What do you most enjoy about teaching within the MCI program?

People and ideas! It is so inspiring to hear about what drives our students and help them produce the ideas that excite them. I particularly love working with students on their final projects where they bring it all together – all their research and learning, and the intellectual and creative skills they have been honing in the program, to produce something that they are really proud of and that will have a real impact.

What are some of the benefits you have seen students gain by studying the MCI?

I see confidence as the main thing. And the understanding that creativity and intellectual rigour can go hand-in-hand. For me producing good work requires the same energy and focus, whether it is academic or creative work.
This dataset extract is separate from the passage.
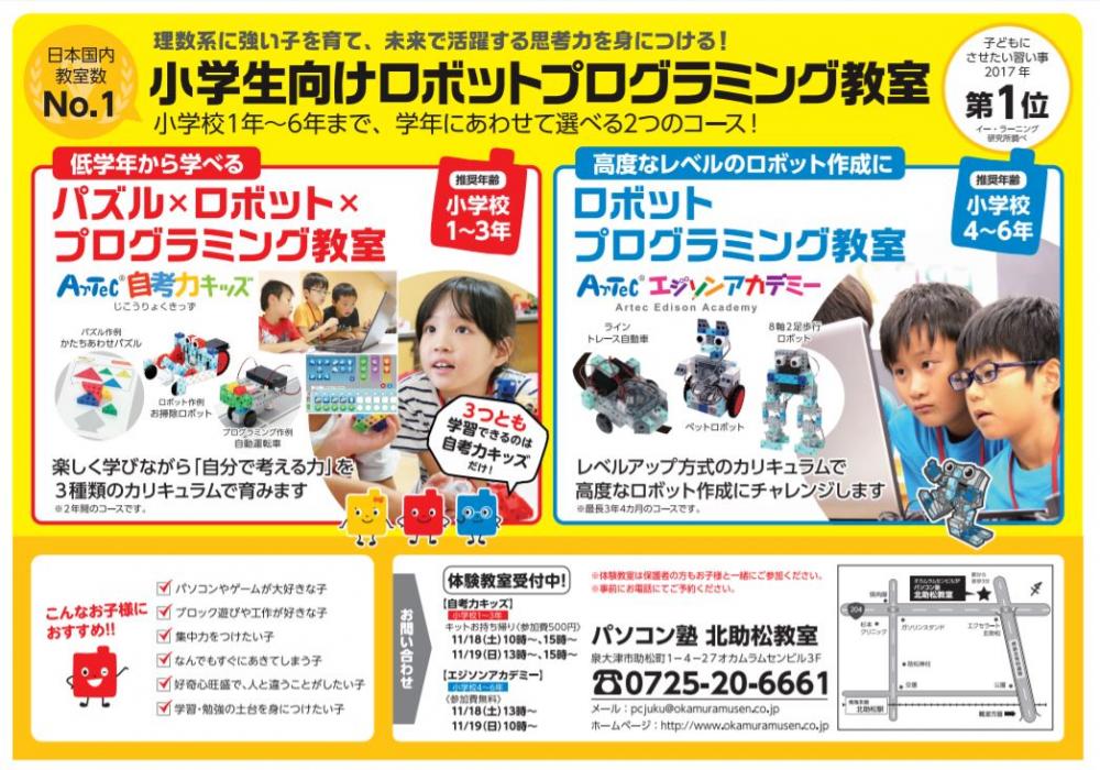 開催期間:2017-11-18~2017-11-19低学年向けの「自考力キッズ」の新規カリキュラムが来年よりスタートパズル×ロボット×プログラミング×パソコンの4種類のカリキュラムから自分で考える力を楽しみながら学んで頂けます。

It can be hard to open your creative ideas to critique, but for my students, I think going through that process and seeing the kind of depth and attention that others are prepared to invest in their ideas comes to be affirming.

What are some standout projects you have seen being produced within the MCI?

I am constantly surprised by my students. Marcus Endicott spent a lot of time talking to me about Virtual Humans, and the experiments he was conducting to build a digital version of himself using off-the-shelf technologies.

Later, I realised that while he was doing that, and just because he could, he had also collated the largest digital repository of literature on that topic in the world. I was also lucky to work with Daniel Phill, who was motivated by the memory loss of his grandmother, to create a VR environment that would help slow memory loss for dementia sufferers. I consider myself lucky for always being involved in beautiful and surprising projects in the MCI.

What drew you to the creative industries?

What drew me to the creative industries was the creative industry itself, rather than the economies that have grown out of them.

I continue in creative pursuits, because despite the low value that we place on them economically and politically, the emotional, spiritual and social payoff is worth it. It is a privilege to be involved in that most human pursuits of intellectual and creative labour, and being involved in the intellectual and creative labour of others is a privilege.

Where do you see the future of the creative industries?

I think we are reaching a point with AI where we will start to ask what is valuable as a creative action. I think this might draw more attention to creative making as opposed to creative products, and increasingly a broader understanding of the difference between art and commerce.

Can you speak to the intersection and impact of technology on the creative industries?

Media are technologies that enable us to share our ideas. Language is a medium, so is a pencil, so is a DAW with all the latest plugins.

Technology can be exciting, but what is useful in the creative industry still comes down to the power of the idea. A technology used for its own sake is ultimately hollow.


 

Toby completed a Doctor of Philosophy in 2015 through the Queensland Conservatorium Griffith University. His research deals with the ethics of interculturalism, cultural appropriation and musical hybridity and examines how meaning is negotiated in intercultural contexts through improvisation. The research stems from his involvement and collaboration with South Indian (Carnatic) musicians in India and Australia over a number of years. This research includes traditional research outputs (conference papers, articles and chapters) and practice-based outputs: the CDs The Carnatic Jazz Experiment (2011) and Rich and Famous (2012).

Research Areas: Ethnomusicology, Musicology, Hybridity, Cultural Difference, Practice-based Research, Research Methods, Composition, Performance, Indian Classical Music, Jazz Studies.